**The problem**: All lines from the one containing "查詢你的IP地址可點(diǎ" down to the one containing "- If you Logged", both ends included, are to be given again exactly; omit the rest of the listing below.

**Extracted entries**:

************

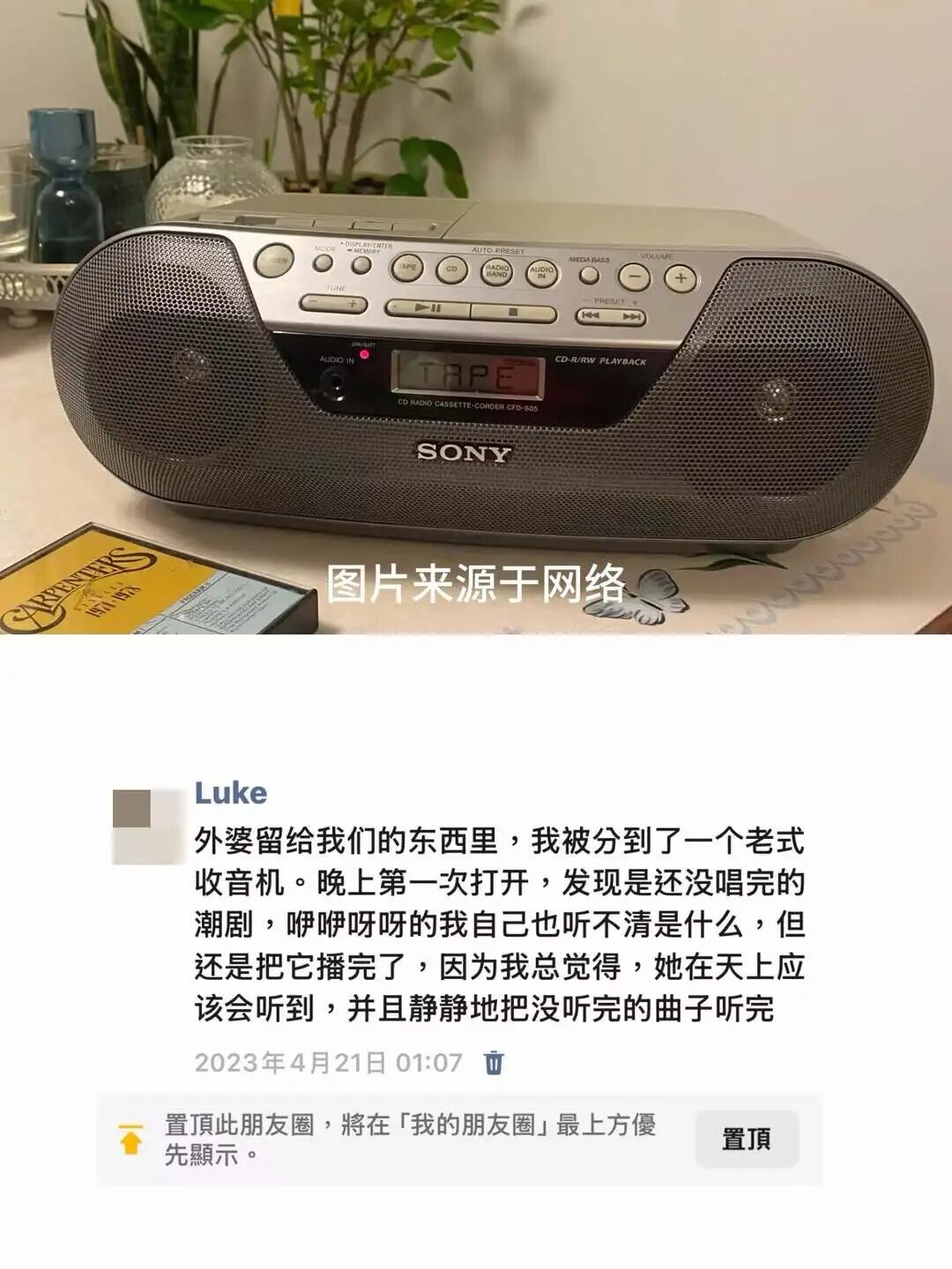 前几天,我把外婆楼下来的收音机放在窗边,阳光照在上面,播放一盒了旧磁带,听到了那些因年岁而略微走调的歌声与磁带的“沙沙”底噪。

************

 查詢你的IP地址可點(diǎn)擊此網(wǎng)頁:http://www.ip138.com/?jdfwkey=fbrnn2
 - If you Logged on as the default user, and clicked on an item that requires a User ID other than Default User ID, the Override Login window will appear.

************

**Exercise result**:
 查詢你的IP地址可點(diǎn)擊此網(wǎng)頁:http://www.ip138.com/?jdfwkey=fbrnn2
 - If you Logged on as the default user, and clicked on an item that requires a User ID other than Default User ID, the Override Login window will appear.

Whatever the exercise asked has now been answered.